[Extracted records]
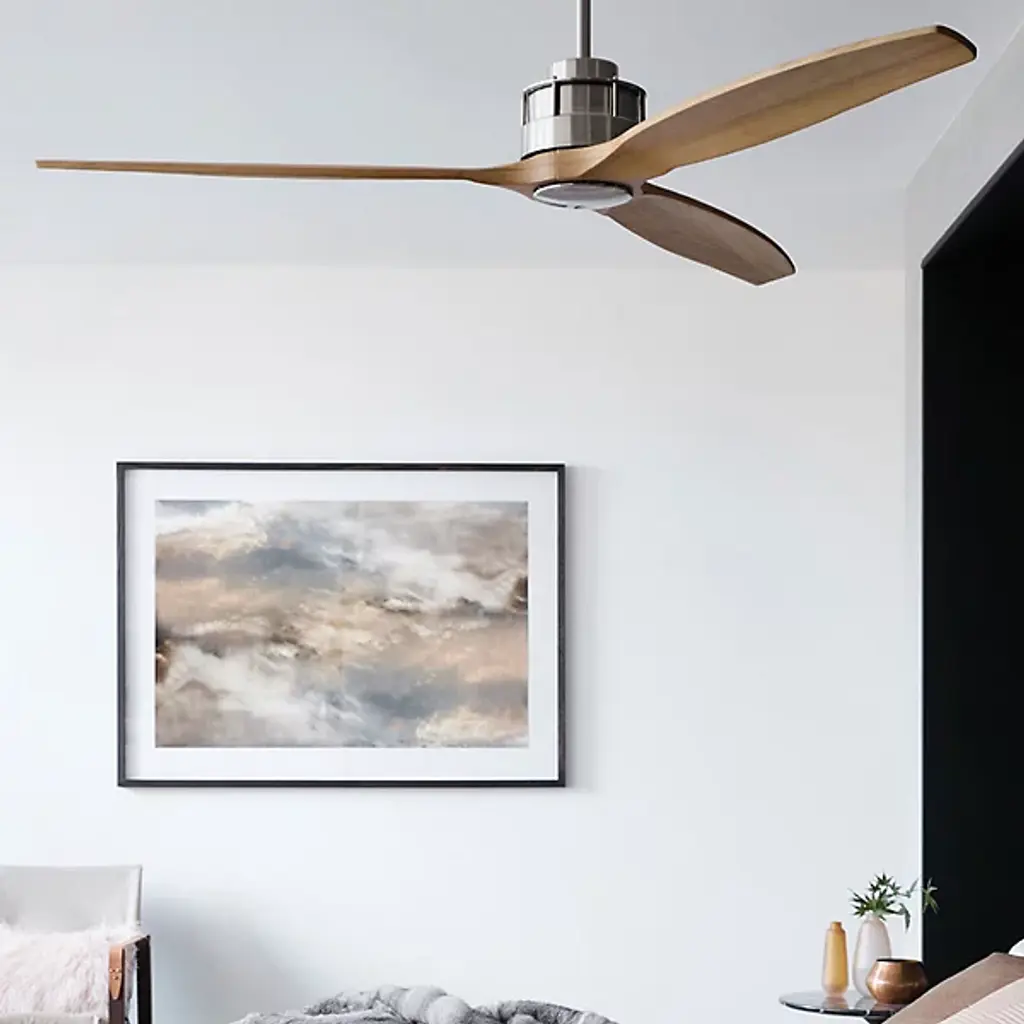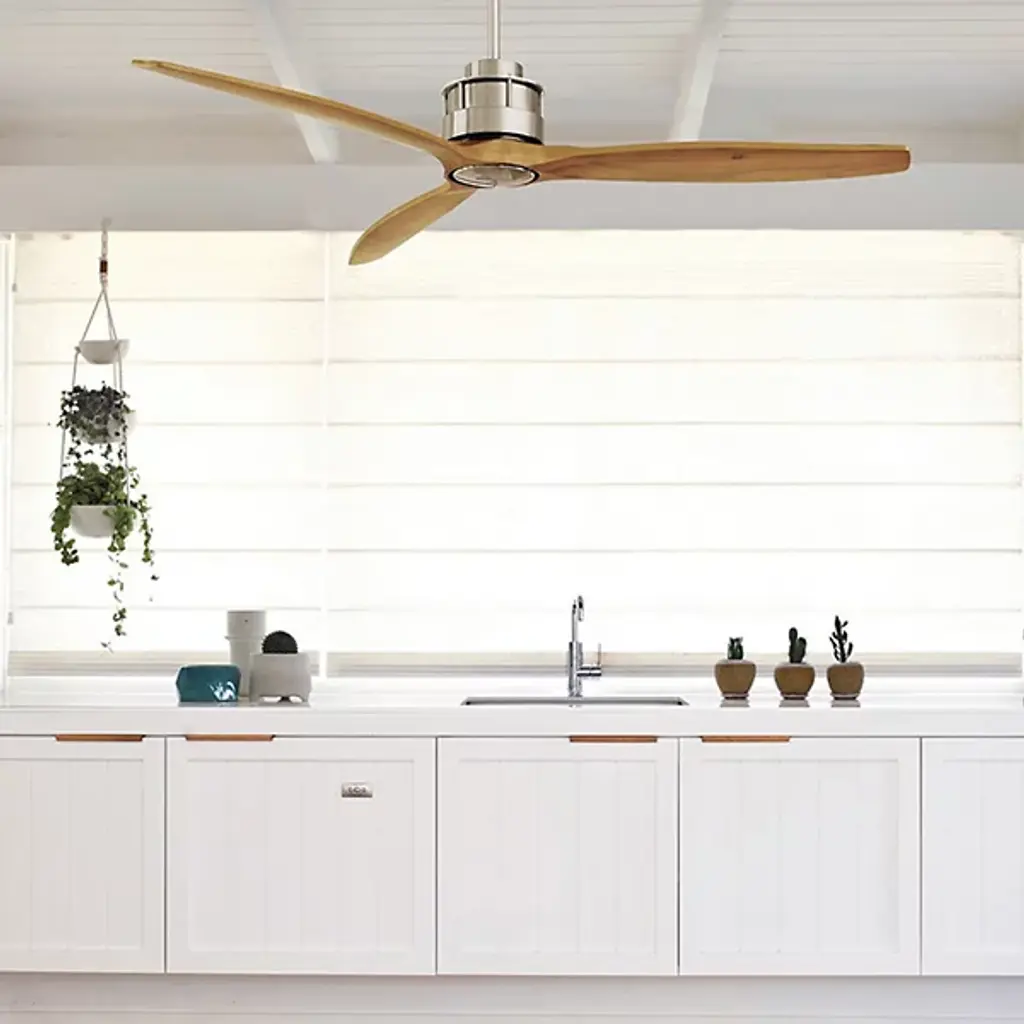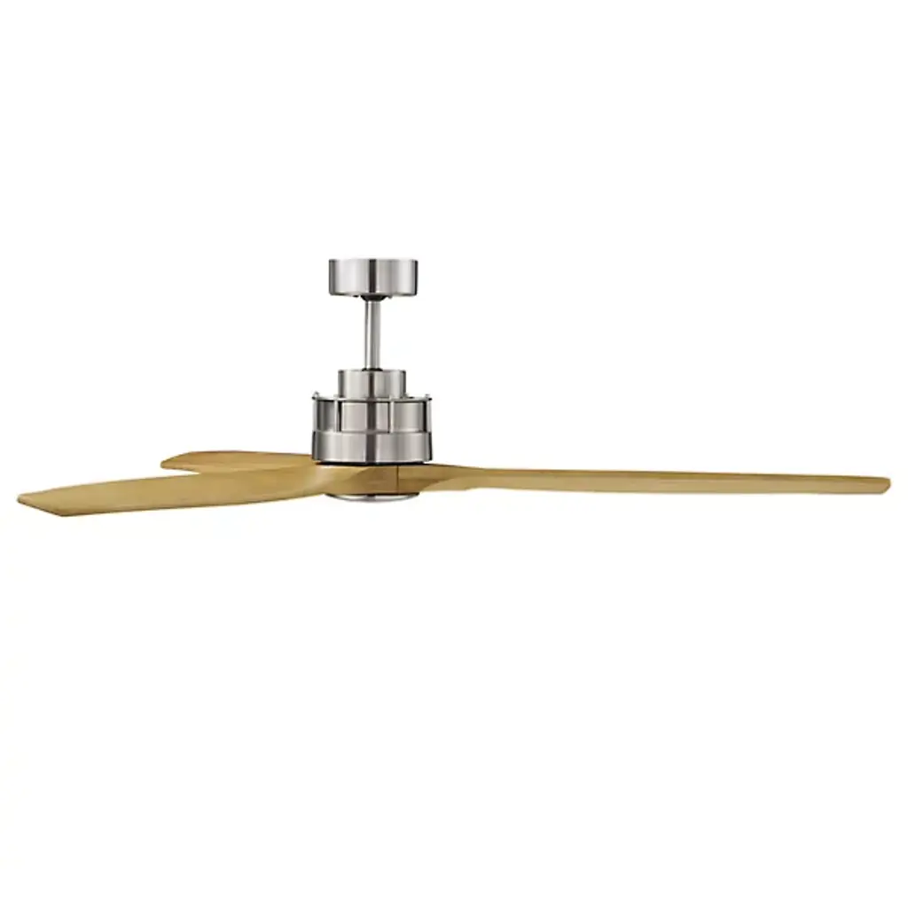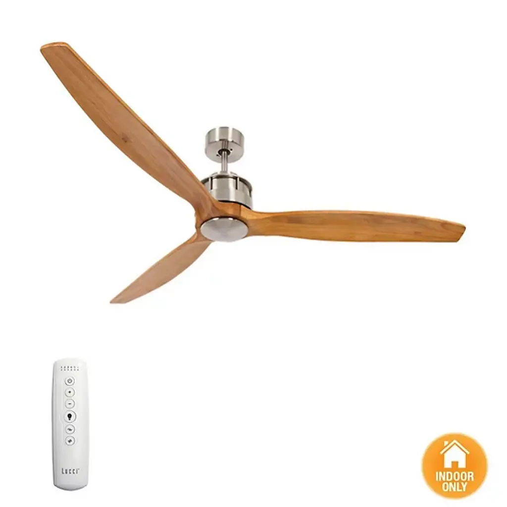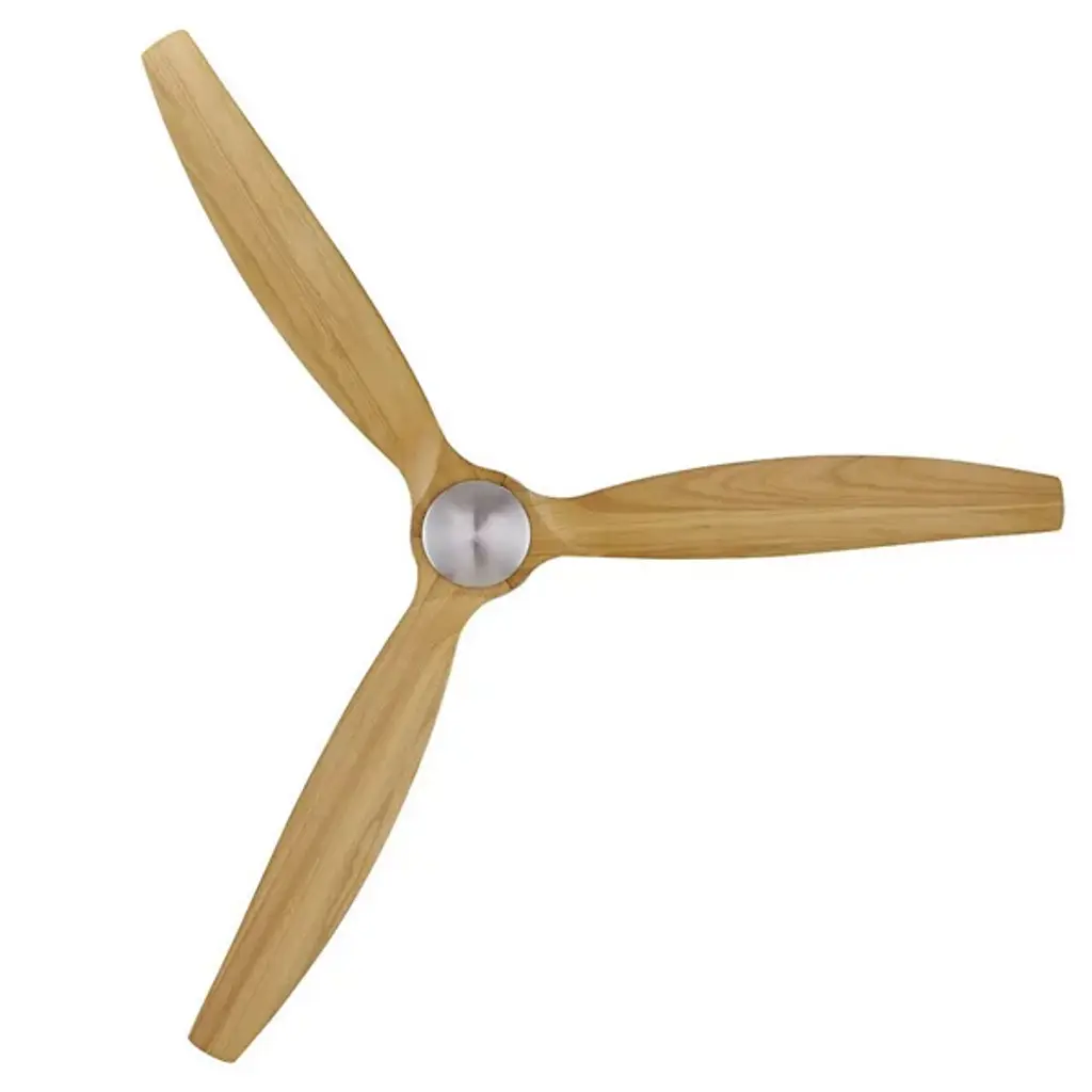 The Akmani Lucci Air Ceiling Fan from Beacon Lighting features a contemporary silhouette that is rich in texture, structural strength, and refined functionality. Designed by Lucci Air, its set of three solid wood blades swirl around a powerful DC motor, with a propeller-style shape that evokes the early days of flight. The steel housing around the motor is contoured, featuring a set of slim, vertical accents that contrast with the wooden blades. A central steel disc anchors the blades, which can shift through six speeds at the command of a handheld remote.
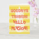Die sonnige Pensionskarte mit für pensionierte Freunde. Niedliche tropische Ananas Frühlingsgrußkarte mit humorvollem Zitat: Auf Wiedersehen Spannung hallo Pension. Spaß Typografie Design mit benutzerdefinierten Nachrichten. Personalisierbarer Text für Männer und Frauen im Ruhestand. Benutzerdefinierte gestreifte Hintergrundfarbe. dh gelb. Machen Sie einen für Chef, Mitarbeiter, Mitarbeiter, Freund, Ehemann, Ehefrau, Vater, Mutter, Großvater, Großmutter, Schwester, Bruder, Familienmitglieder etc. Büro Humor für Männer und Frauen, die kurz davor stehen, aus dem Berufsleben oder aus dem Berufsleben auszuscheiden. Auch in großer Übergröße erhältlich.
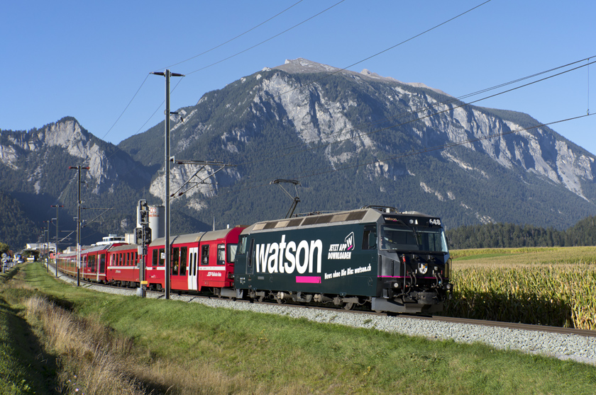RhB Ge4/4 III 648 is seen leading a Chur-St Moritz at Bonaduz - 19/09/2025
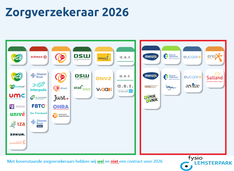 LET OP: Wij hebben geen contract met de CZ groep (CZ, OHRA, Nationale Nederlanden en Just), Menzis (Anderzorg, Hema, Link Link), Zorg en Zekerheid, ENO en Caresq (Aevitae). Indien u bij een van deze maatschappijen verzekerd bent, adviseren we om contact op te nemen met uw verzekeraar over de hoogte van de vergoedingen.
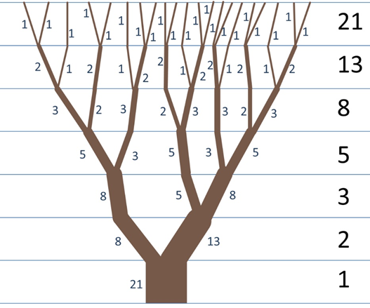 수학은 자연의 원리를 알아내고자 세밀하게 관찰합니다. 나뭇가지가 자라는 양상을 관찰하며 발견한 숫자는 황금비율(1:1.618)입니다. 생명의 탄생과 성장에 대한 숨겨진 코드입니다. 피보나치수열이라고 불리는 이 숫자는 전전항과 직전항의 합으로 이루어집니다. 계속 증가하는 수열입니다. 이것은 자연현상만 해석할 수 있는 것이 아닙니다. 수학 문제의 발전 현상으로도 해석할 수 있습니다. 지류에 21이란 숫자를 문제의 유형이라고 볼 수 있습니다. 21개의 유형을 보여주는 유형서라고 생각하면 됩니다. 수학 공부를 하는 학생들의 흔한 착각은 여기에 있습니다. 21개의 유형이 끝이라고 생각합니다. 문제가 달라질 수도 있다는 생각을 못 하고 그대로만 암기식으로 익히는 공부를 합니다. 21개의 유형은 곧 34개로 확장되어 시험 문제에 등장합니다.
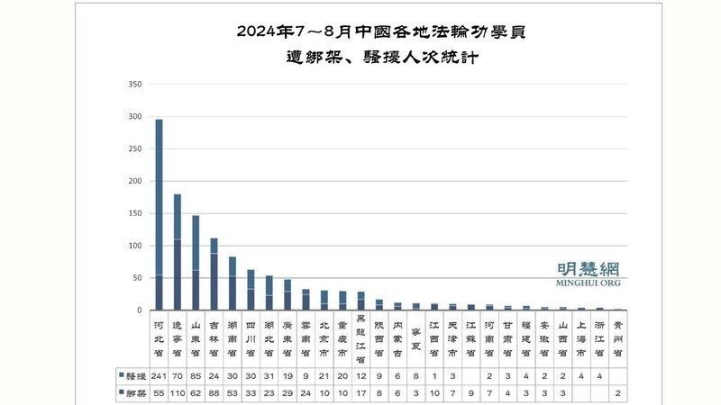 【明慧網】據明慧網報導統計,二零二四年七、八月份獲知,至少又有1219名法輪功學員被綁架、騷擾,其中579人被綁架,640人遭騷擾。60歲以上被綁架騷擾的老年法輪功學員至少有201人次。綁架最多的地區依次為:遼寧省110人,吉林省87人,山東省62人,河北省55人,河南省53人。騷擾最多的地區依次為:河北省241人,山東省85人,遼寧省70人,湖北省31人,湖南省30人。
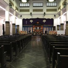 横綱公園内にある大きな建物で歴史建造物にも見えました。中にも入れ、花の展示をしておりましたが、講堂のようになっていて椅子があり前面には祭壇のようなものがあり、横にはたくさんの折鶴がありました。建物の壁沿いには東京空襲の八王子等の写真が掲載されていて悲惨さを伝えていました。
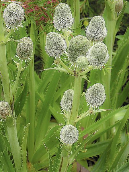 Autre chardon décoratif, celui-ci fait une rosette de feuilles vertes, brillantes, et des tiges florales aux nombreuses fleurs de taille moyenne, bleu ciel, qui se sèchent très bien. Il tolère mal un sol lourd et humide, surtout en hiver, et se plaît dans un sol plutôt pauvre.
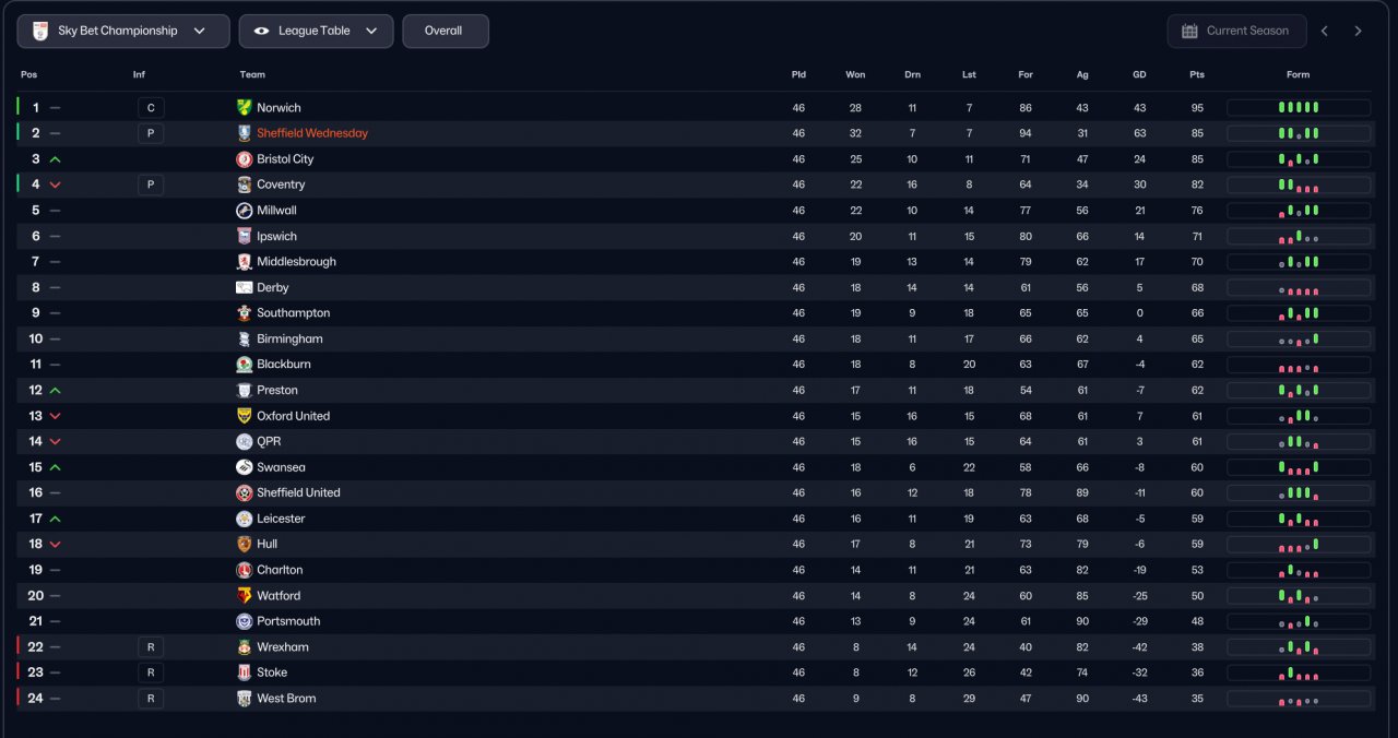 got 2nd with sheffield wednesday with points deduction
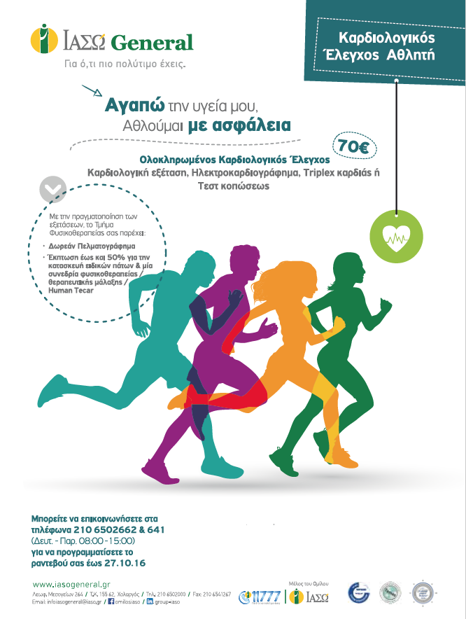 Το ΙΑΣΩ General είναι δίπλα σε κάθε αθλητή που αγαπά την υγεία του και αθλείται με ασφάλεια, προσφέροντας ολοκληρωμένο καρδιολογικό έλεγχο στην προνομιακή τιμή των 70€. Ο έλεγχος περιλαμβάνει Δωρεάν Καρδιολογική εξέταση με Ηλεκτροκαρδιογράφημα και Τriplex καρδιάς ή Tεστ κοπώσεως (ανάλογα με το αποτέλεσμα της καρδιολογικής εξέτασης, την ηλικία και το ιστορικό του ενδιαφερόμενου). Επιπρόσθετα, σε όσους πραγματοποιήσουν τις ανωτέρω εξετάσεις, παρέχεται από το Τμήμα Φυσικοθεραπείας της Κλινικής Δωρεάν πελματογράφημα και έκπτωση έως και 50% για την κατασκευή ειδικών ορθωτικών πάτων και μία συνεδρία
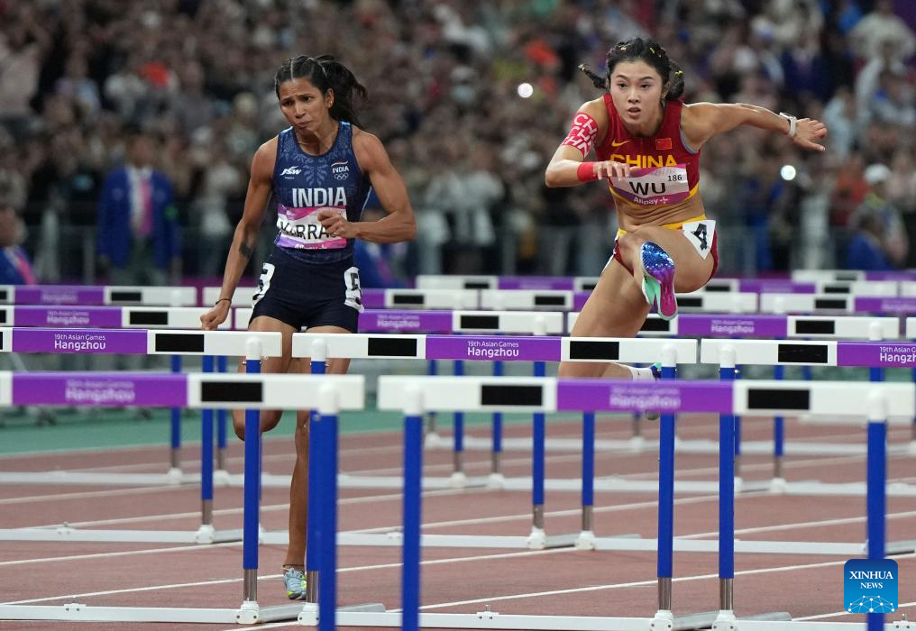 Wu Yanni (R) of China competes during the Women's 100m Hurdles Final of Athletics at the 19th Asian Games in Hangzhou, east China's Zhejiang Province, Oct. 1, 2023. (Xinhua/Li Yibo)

WORK INSTRUCTIONS >>
Please repeat all of the entries above word for word, but drop any pictures.

FINAL ANSWER >>
 The Akmani Lucci Air Ceiling Fan from Beacon Lighting features a contemporary silhouette that is rich in texture, structural strength, and refined functionality. Designed by Lucci Air, its set of three solid wood blades swirl around a powerful DC motor, with a propeller-style shape that evokes the early days of flight. The steel housing around the motor is contoured, featuring a set of slim, vertical accents that contrast with the wooden blades. A central steel disc anchors the blades, which can shift through six speeds at the command of a handheld remote.
Die sonnige Pensionskarte mit für pensionierte Freunde. Niedliche tropische Ananas Frühlingsgrußkarte mit humorvollem Zitat: Auf Wiedersehen Spannung hallo Pension. Spaß Typografie Design mit benutzerdefinierten Nachrichten. Personalisierbarer Text für Männer und Frauen im Ruhestand. Benutzerdefinierte gestreifte Hintergrundfarbe. dh gelb. Machen Sie einen für Chef, Mitarbeiter, Mitarbeiter, Freund, Ehemann, Ehefrau, Vater, Mutter, Großvater, Großmutter, Schwester, Bruder, Familienmitglieder etc. Büro Humor für Männer und Frauen, die kurz davor stehen, aus dem Berufsleben oder aus dem Berufsleben auszuscheiden. Auch in großer Übergröße erhältlich.
RhB Ge4/4 III 648 is seen leading a Chur-St Moritz at Bonaduz - 19/09/2025
 LET OP: Wij hebben geen contract met de CZ groep (CZ, OHRA, Nationale Nederlanden en Just), Menzis (Anderzorg, Hema, Link Link), Zorg en Zekerheid, ENO en Caresq (Aevitae). Indien u bij een van deze maatschappijen verzekerd bent, adviseren we om contact op te nemen met uw verzekeraar over de hoogte van de vergoedingen.
 수학은 자연의 원리를 알아내고자 세밀하게 관찰합니다. 나뭇가지가 자라는 양상을 관찰하며 발견한 숫자는 황금비율(1:1.618)입니다. 생명의 탄생과 성장에 대한 숨겨진 코드입니다. 피보나치수열이라고 불리는 이 숫자는 전전항과 직전항의 합으로 이루어집니다. 계속 증가하는 수열입니다. 이것은 자연현상만 해석할 수 있는 것이 아닙니다. 수학 문제의 발전 현상으로도 해석할 수 있습니다. 지류에 21이란 숫자를 문제의 유형이라고 볼 수 있습니다. 21개의 유형을 보여주는 유형서라고 생각하면 됩니다. 수학 공부를 하는 학생들의 흔한 착각은 여기에 있습니다. 21개의 유형이 끝이라고 생각합니다. 문제가 달라질 수도 있다는 생각을 못 하고 그대로만 암기식으로 익히는 공부를 합니다. 21개의 유형은 곧 34개로 확장되어 시험 문제에 등장합니다.
 【明慧網】據明慧網報導統計,二零二四年七、八月份獲知,至少又有1219名法輪功學員被綁架、騷擾,其中579人被綁架,640人遭騷擾。60歲以上被綁架騷擾的老年法輪功學員至少有201人次。綁架最多的地區依次為:遼寧省110人,吉林省87人,山東省62人,河北省55人,河南省53人。騷擾最多的地區依次為:河北省241人,山東省85人,遼寧省70人,湖北省31人,湖南省30人。
 横綱公園内にある大きな建物で歴史建造物にも見えました。中にも入れ、花の展示をしておりましたが、講堂のようになっていて椅子があり前面には祭壇のようなものがあり、横にはたくさんの折鶴がありました。建物の壁沿いには東京空襲の八王子等の写真が掲載されていて悲惨さを伝えていました。
 Autre chardon décoratif, celui-ci fait une rosette de feuilles vertes, brillantes, et des tiges florales aux nombreuses fleurs de taille moyenne, bleu ciel, qui se sèchent très bien. Il tolère mal un sol lourd et humide, surtout en hiver, et se plaît dans un sol plutôt pauvre.
 got 2nd with sheffield wednesday with points deduction
 Το ΙΑΣΩ General είναι δίπλα σε κάθε αθλητή που αγαπά την υγεία του και αθλείται με ασφάλεια, προσφέροντας ολοκληρωμένο καρδιολογικό έλεγχο στην προνομιακή τιμή των 70€. Ο έλεγχος περιλαμβάνει Δωρεάν Καρδιολογική εξέταση με Ηλεκτροκαρδιογράφημα και Τriplex καρδιάς ή Tεστ κοπώσεως (ανάλογα με το αποτέλεσμα της καρδιολογικής εξέτασης, την ηλικία και το ιστορικό του ενδιαφερόμενου). Επιπρόσθετα, σε όσους πραγματοποιήσουν τις ανωτέρω εξετάσεις, παρέχεται από το Τμήμα Φυσικοθεραπείας της Κλινικής Δωρεάν πελματογράφημα και έκπτωση έως και 50% για την κατασκευή ειδικών ορθωτικών πάτων και μία συνεδρία
 Wu Yanni (R) of China competes during the Women's 100m Hurdles Final of Athletics at the 19th Asian Games in Hangzhou, east China's Zhejiang Province, Oct. 1, 2023. (Xinhua/Li Yibo)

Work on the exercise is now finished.